Melihat kondisi ini, Faisol menyimpulkan bahwa sektor manufaktur di dalam negeri masih tertinggal dibandingkan dengan negara-negara tetangga. Oleh karena itu, ia mendorong semua pelaku industri pengolahan untuk terus-menerus melakukan kegiatan RnD di pabrik masing-masing. “Penting bagi setiap perusahaan manufaktur untuk sadar dan terus menerus melakukan kegiatan RnD,” tegasnya. Untuk mendukung upaya ini, pemerintah telah menyiapkan insentif super tax deduction yang sangat besar bagi perusahaan-perusahaan yang berinvestasi dalam penelitian dan pengembangan.
Fasilitas super tax deduction ini diatur dalam Peraturan Pemerintah No. 9 Tahun 2021 dan Peraturan Menteri Keuangan No. 128 Tahun 2019. Secara singkat, beleid tersebut memberikan pengurangan Pajak Penghasilan perusahaan hingga 200% bagi mereka yang melakukan kegiatan RnD tertentu. Insentif ini diharapkan mampu memicu gairah investasi di sektor riset dan pengembangan industri.
Namun, data dari R&D World menunjukkan gambaran yang kurang menggembirakan mengenai posisi Indonesia dalam peta RnD global. Dari 40 negara yang disurvei, Indonesia menempati peringkat ke-34 dengan total anggaran sebesar US$8,2 miliar pada tahun 2022.
Laporan R&D World juga secara spesifik menyebut bahwa Indonesia adalah negara dengan rasio penganggaran riset terhadap Produk Domestik Bruto (PDB) paling rendah.

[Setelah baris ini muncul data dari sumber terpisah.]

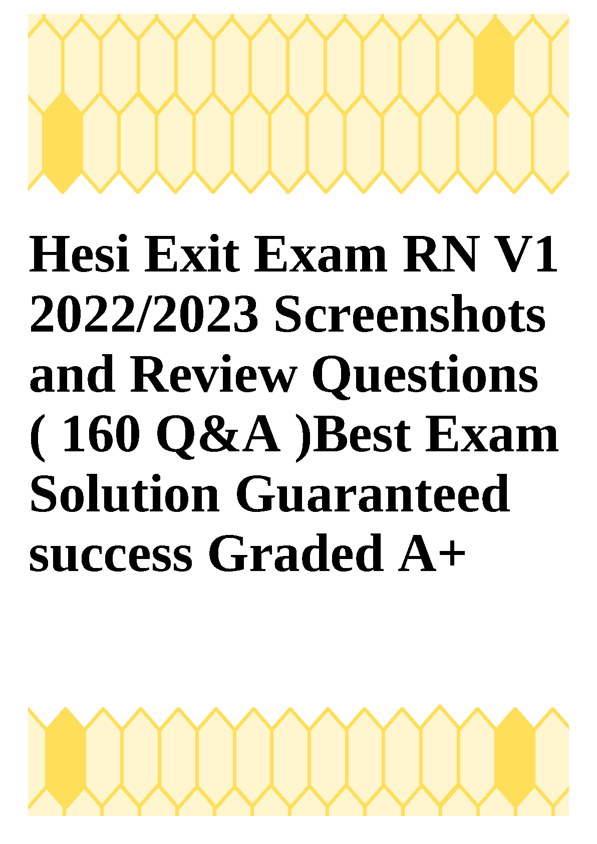 Prepare to excel on your HESI Exit Exam with our comprehensive RN V1 Test Bank, fully updated for the 2025/2026 academic year. This essential study guide features 160 meticulously curated questions and detailed answers (Q&A) designed to mirror the actual exam format. With this proven exam solution, you can build confidence, master key nursing concepts, and secure a top grade. Pass your HESI RN Exit Exam on the first try and step confidently into your nursing career!

Pada tahun 2022, rasio ini hanya sebesar 0,24%. Sebagai perbandingan, rasio pengembangan riset terhadap PDB di negara lain bervariasi, dengan Israel sebagai yang tertinggi mencapai 4,8%. Ini menempatkan Indonesia di posisi terbawah dari 40 negara pembelanja riset teratas, sebuah angka yang menggarisbawahi urgensi peningkatan investasi RnD untuk kemajuan manufaktur nasional.
Ringkasan
Wakil Menteri Perindustrian, Faisol Riza, menekankan pentingnya penelitian dan pengembangan (RnD) untuk mendorong inovasi dan daya saing di sektor manufaktur nasional, khususnya pada industri transportasi, agro, dan elektronik. Ia menyoroti ketergantungan PT INKA pada impor komponen roda dan sistem rem, serta fakta bahwa cip lokal berteknologi tinggi diekspor karena ekosistem industri domestik belum optimal. Ini menunjukkan adanya kebutuhan mendesak untuk riset material dan pengembangan ekosistem yang terintegrasi di dalam negeri.
Faisol mendorong pelaku industri untuk gencar melakukan RnD, mencontoh inovasi berhasil dari negara lain di sektor agro, dan pemerintah mendukung hal ini melalui insentif super tax deduction hingga 200% untuk investasi RnD. Namun, data R&D World menunjukkan Indonesia berada di peringkat ke-34 dari 40 negara dalam anggaran RnD pada 2022, dengan rasio pengeluaran riset terhadap PDB terendah, yakni hanya 0,24%.